Required work –
A faithful copy is needed of the lines below from the one with "[O I] 145 µm" up to and including the one with "Figure 1: Immunocytochemistry"; set it down with no pictures and no other lines.

Given records –
________________________

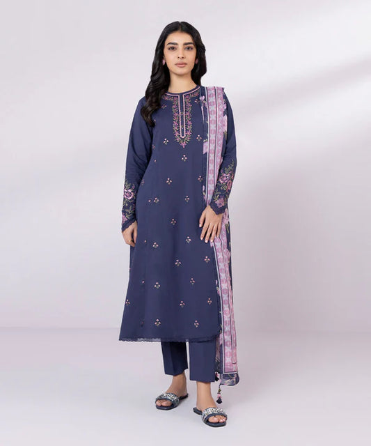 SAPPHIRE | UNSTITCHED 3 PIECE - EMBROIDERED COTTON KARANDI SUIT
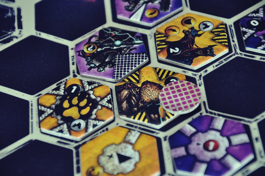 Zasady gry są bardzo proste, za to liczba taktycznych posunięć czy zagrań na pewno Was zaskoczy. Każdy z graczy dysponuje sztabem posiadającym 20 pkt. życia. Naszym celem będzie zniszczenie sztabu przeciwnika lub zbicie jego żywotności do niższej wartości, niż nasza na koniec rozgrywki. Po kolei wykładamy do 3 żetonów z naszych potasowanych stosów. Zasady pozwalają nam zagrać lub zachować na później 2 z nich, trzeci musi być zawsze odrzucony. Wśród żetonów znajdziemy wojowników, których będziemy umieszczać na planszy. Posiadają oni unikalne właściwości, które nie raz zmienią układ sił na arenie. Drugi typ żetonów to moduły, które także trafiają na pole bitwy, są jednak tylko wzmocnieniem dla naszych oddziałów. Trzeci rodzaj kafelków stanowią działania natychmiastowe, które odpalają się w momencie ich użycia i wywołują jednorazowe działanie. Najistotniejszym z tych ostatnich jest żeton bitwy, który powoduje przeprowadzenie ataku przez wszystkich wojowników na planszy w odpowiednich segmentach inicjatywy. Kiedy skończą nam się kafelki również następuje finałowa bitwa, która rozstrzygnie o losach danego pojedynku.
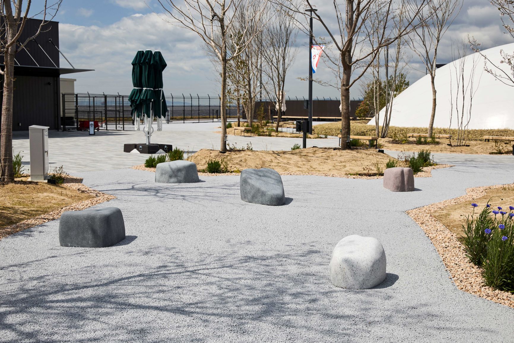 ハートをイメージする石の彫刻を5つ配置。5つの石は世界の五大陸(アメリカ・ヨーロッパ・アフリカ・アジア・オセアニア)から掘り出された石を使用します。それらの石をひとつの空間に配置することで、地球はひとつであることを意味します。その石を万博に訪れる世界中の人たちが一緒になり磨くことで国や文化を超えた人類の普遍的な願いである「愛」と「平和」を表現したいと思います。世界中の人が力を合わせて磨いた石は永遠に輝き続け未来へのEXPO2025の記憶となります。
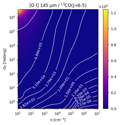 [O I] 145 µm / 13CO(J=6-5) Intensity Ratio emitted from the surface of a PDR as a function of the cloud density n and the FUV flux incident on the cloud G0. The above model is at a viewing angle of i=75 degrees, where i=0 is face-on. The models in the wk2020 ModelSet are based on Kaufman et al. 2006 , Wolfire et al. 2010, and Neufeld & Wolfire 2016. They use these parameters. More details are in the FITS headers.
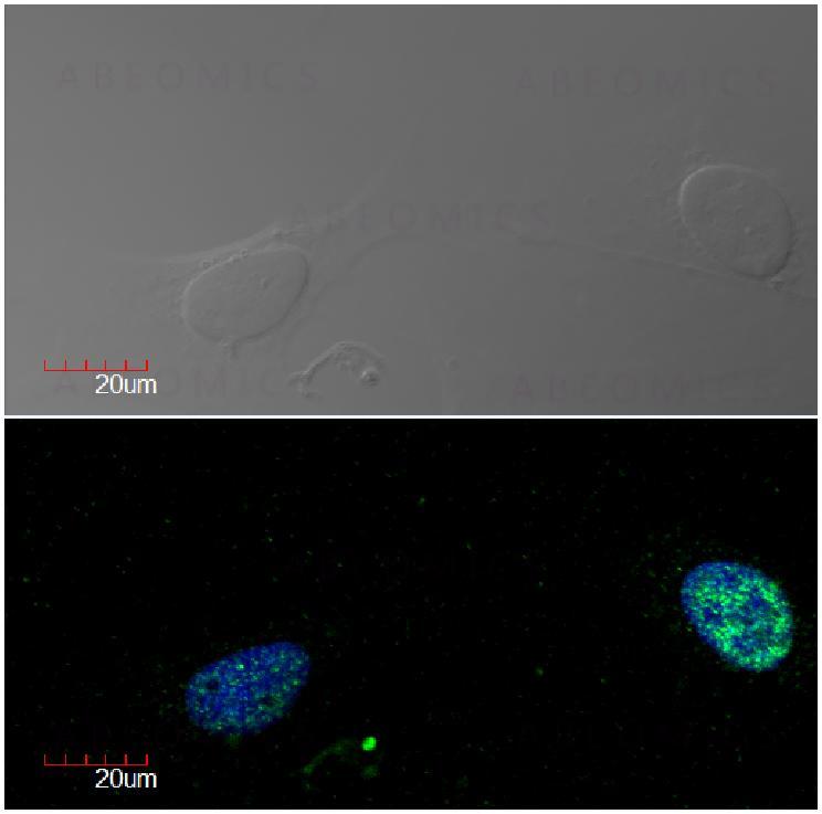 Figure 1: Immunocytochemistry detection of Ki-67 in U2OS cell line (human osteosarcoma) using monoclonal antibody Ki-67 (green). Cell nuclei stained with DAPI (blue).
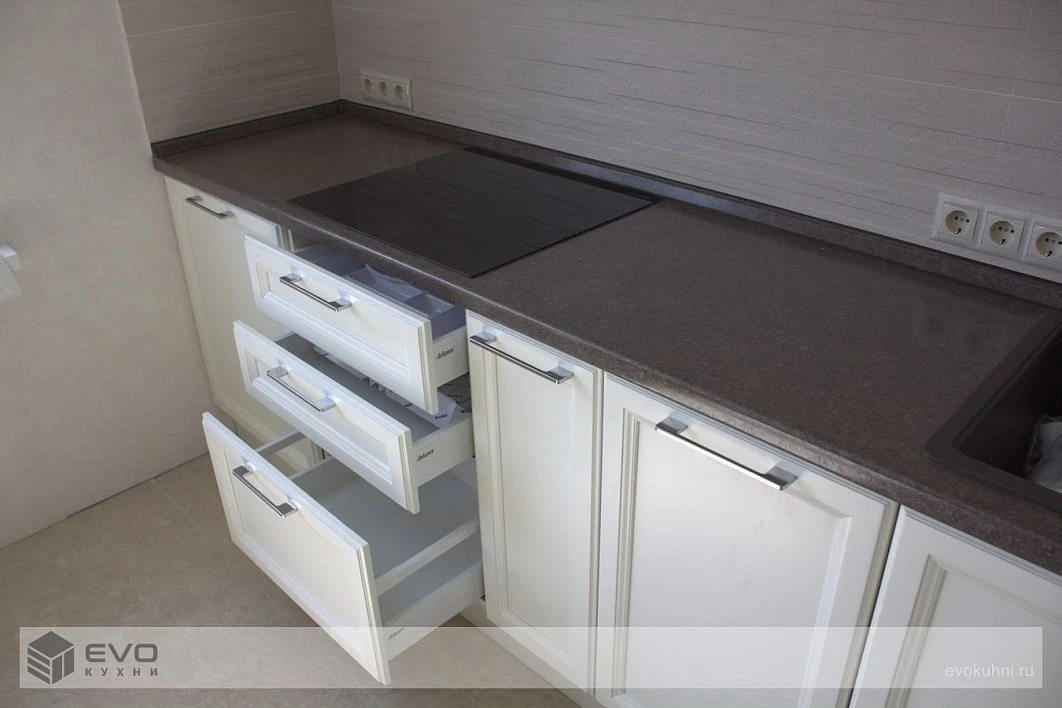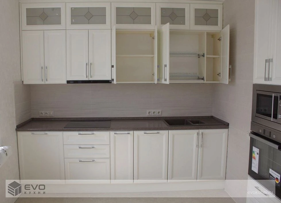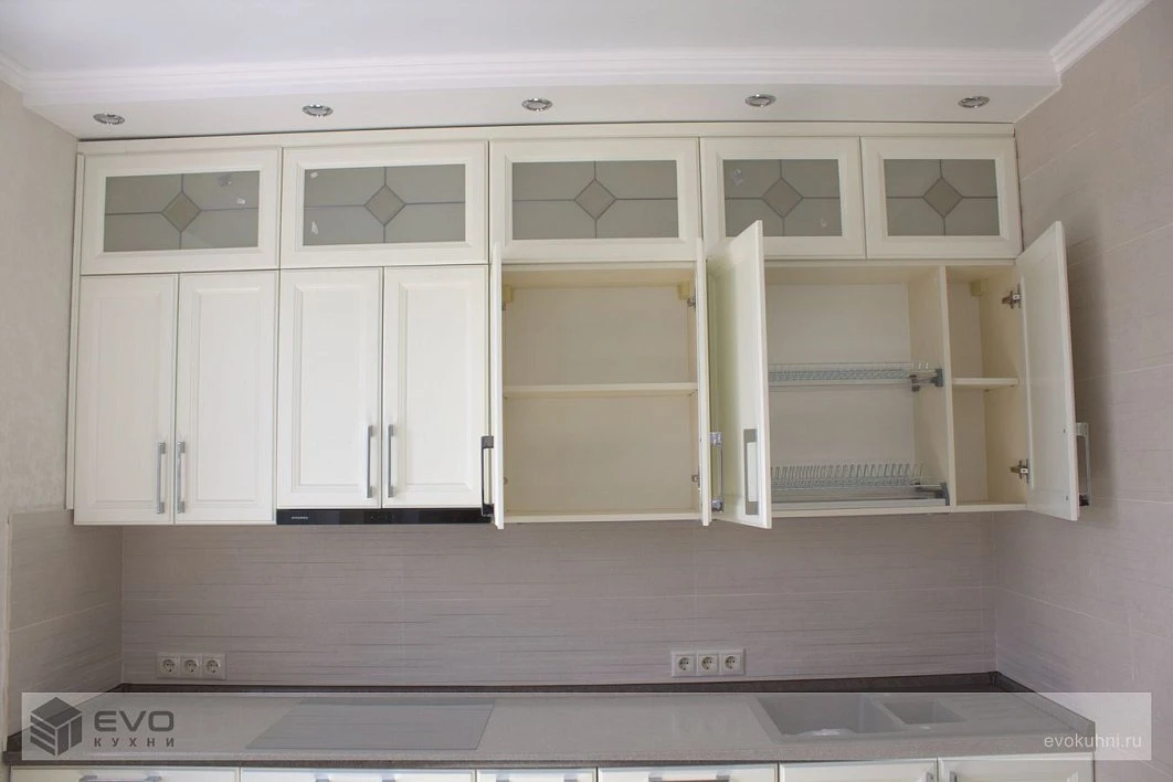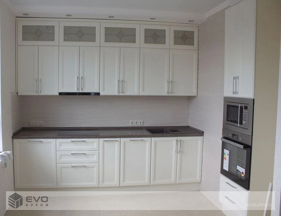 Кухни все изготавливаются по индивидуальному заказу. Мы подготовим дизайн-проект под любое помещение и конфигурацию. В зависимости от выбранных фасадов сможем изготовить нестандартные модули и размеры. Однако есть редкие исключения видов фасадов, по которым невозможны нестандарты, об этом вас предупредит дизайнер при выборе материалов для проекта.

________________________

Answer below –
 [O I] 145 µm / 13CO(J=6-5) Intensity Ratio emitted from the surface of a PDR as a function of the cloud density n and the FUV flux incident on the cloud G0. The above model is at a viewing angle of i=75 degrees, where i=0 is face-on. The models in the wk2020 ModelSet are based on Kaufman et al. 2006 , Wolfire et al. 2010, and Neufeld & Wolfire 2016. They use these parameters. More details are in the FITS headers.
 Figure 1: Immunocytochemistry detection of Ki-67 in U2OS cell line (human osteosarcoma) using monoclonal antibody Ki-67 (green). Cell nuclei stained with DAPI (blue).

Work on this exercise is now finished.